古都奈良の文化財のひとつとして、春日山原始林は世界遺産に登録されている。そのせいか、歩いている人の半数ほどは海外の観光客だ。話かけてみた夫婦は米国アイダホ州から来られたそうだ。日本の森林が大好きだそうで、奈良の前には屋久島に滞在していたそうだ。



いくつか立派な東屋も整備されている。少し休憩して歩き始めると、突然足を攣ってしまった。久しぶりの現象だ。足を攣るほどハードな運動をしてきたつもりもないのだが。ひょっとして鹿にミネラル分を吸い取られたのだろうか。芍薬甘草湯を久しぶりに服用する。



こんなトコにまで、クマが出没しているらしい。厄介なことだ。クマがシカほどに懐いてくれるとは思えない。



春日山石窟仏。平安末期に刻まれたものらしい。2つある石窟のうちひとつには、菩薩型の立像が三体(四体かも)並んでいる。天井部にも何かあるようなのだけれど、良く見えない。



もうひとつの石窟には、大日如来などが見られる。お寺のお堂の仏様もいいけれど、こうした野外に彫られた仏様は、厳しい風雨に晒され、私たちの苦しみや悲しみをより深く理解していただけるような気がして、一層有難く思える。



石畳の道を奈良市内に向けて下っていく。柳生街道とも呼ばれる古道だ。以前、奈良から柳生まで歩いたことがあるけれど、あの頃は元気だったよなぁとつくづく思う。今では半分くらいしか歩けそうなきがしない。



首切り地蔵。大和郡山藩に召し抱えられていた剣客、荒木又右衛門が、伊賀上野の鍵屋の辻の決闘に赴く際に、試し切りをしたと伝えられている。
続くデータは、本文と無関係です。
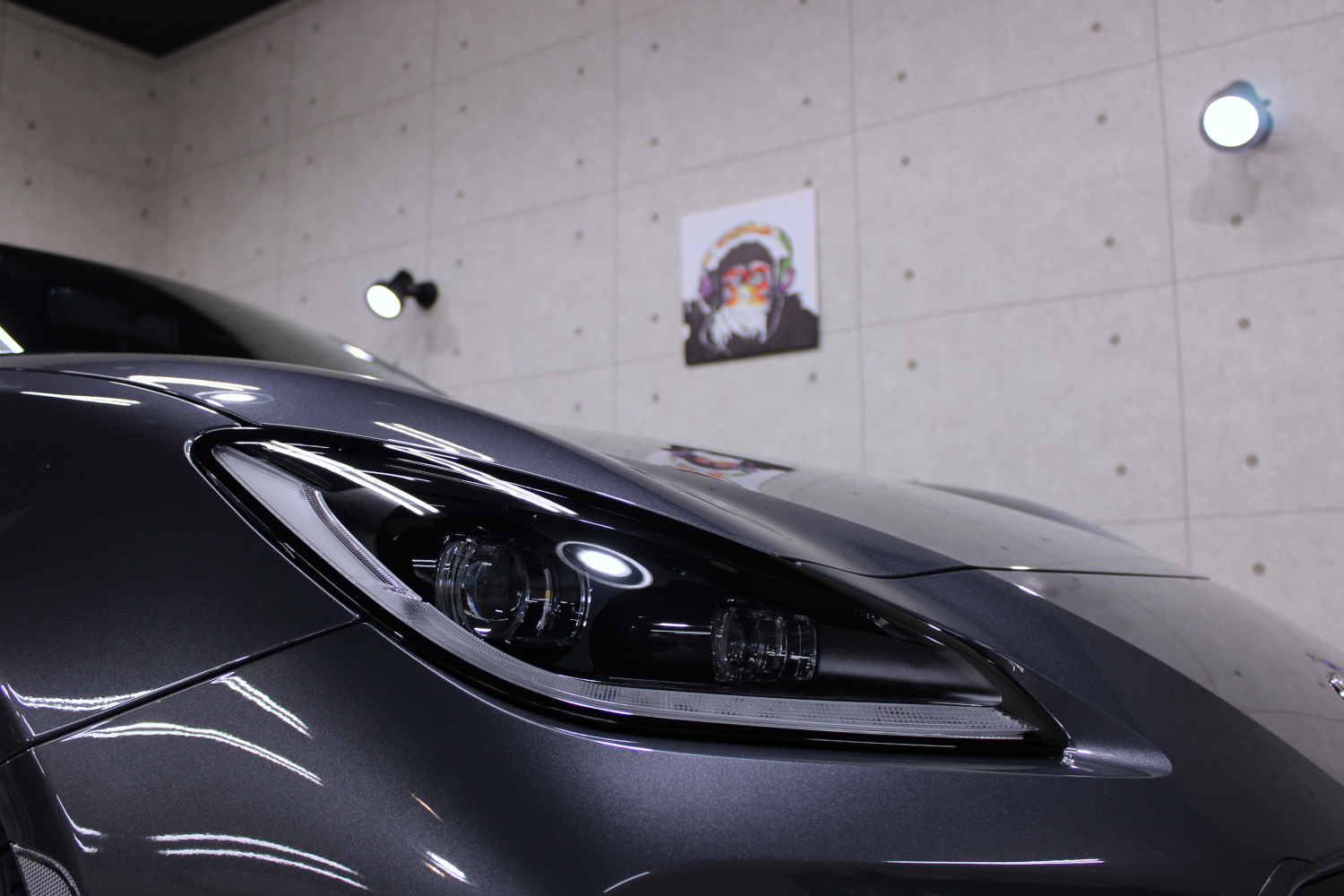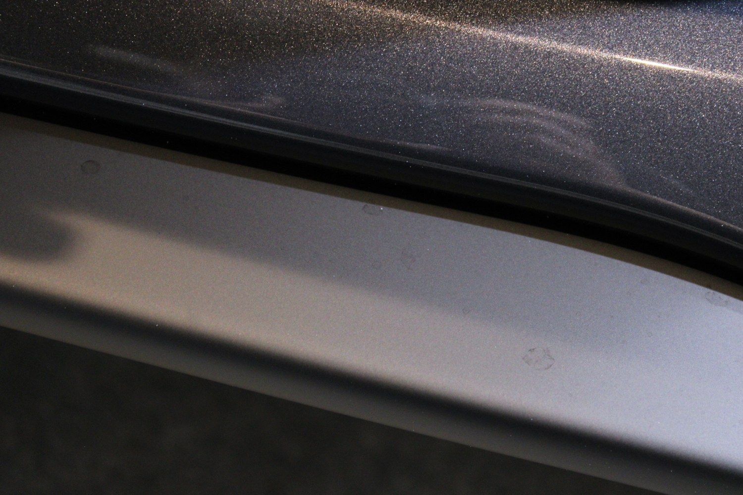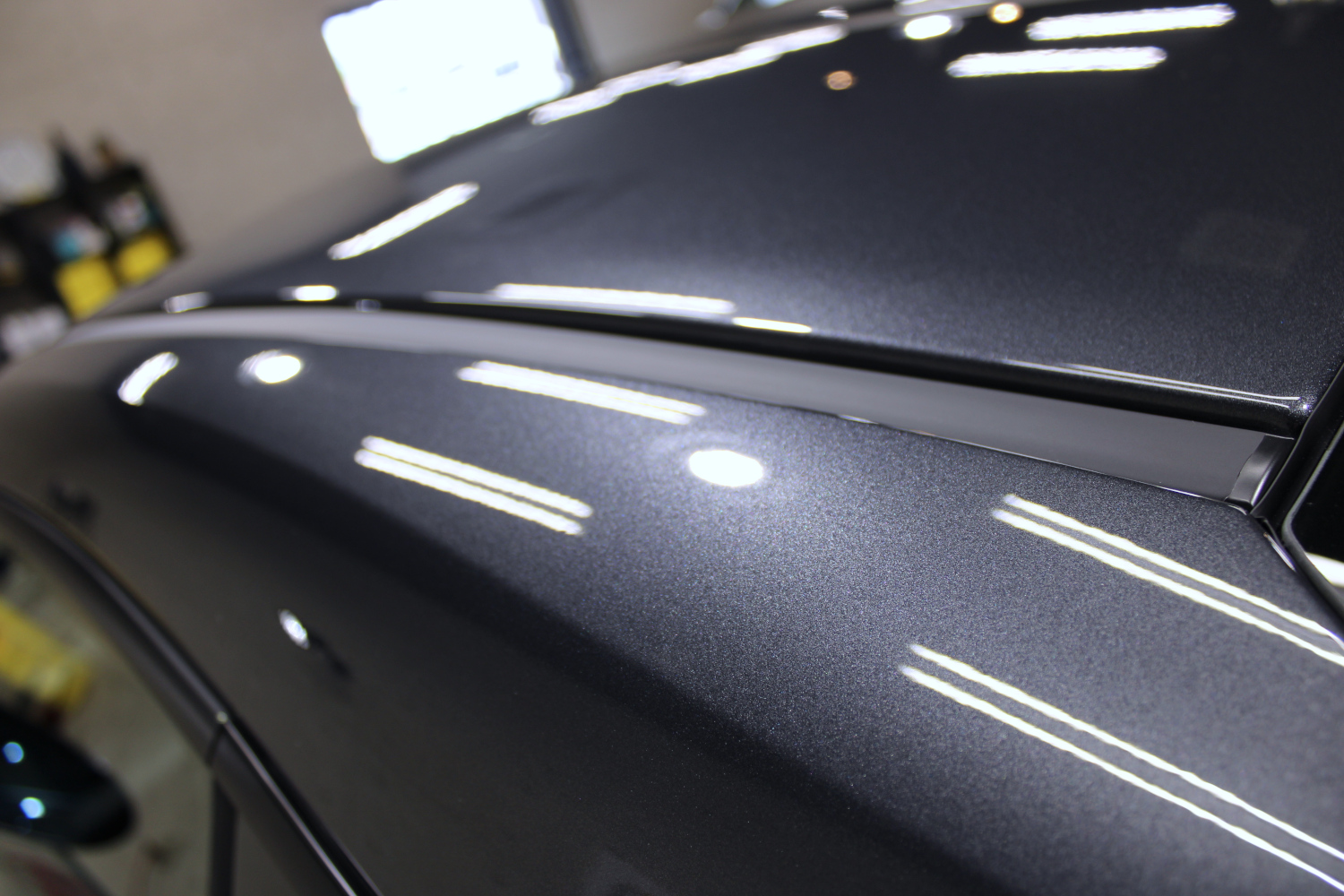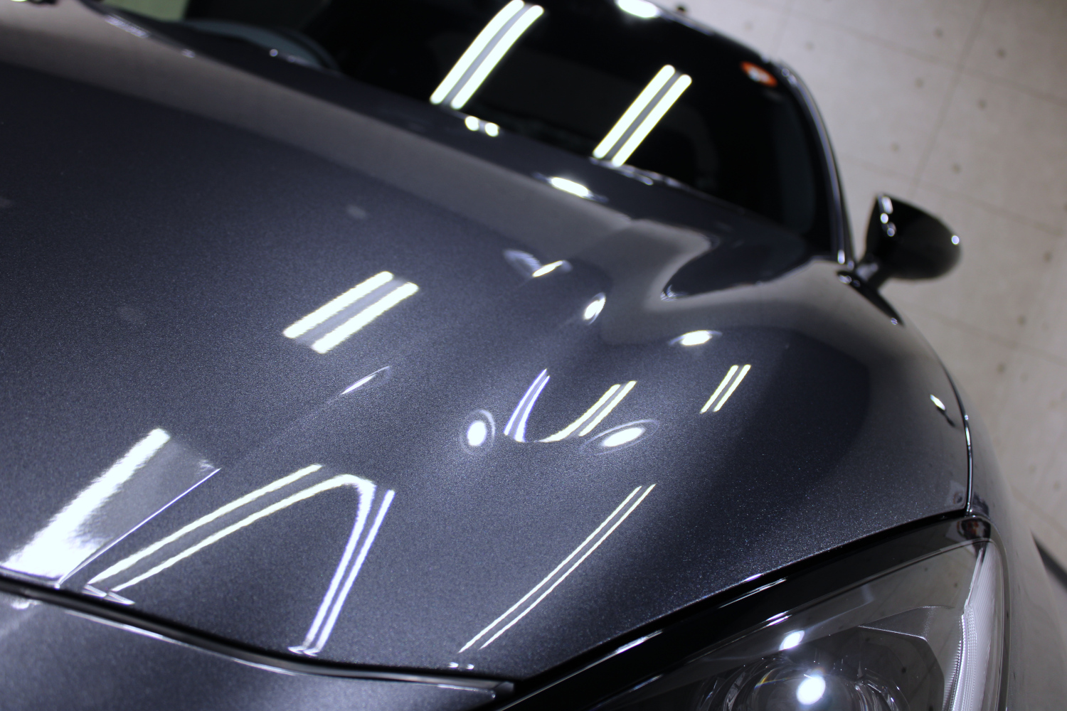 ガラスコーティングの「リボルト・プロ」の性能をそのまま引き継いだ上にセラミック成分を配合し、耐スリ傷、撥水性能、汚れ軽減、被膜定着、シミ軽減が強化されています。コーティング被膜はベースコート、トップコート、オーバートップコートからなる3層コーティングとなり、重厚感のある深い艶が特徴です。硬化が非常に速いため施工時は温度と湿度に注意し、圧倒的な被膜感を感じながら施工を実施、特殊LEDパネルを当てながら、ムラなく仕上げさせて頂きました。

樹齢何百年だろうか。随分と太い古木も多く見られる。伐採禁止だからといって、いつまでも樹が長生きするものでもなかろう。環境に恵まれた強い個体だけが、高く太く育っていると思う。



朝日観音。鎌倉時代に造られたという三体の摩崖仏だ。渓流に沿って、東に面しているため、朝日に良く映えるらしい。一度見てみたいけれど、早朝にここにやってくるのは困難だ。



朝日観音からは、春日大社の裏手へと続く遊歩道もあるのだけれど、やめておこう。見るからに難路で、タウンスニーカーで挑むところではなさそうだ。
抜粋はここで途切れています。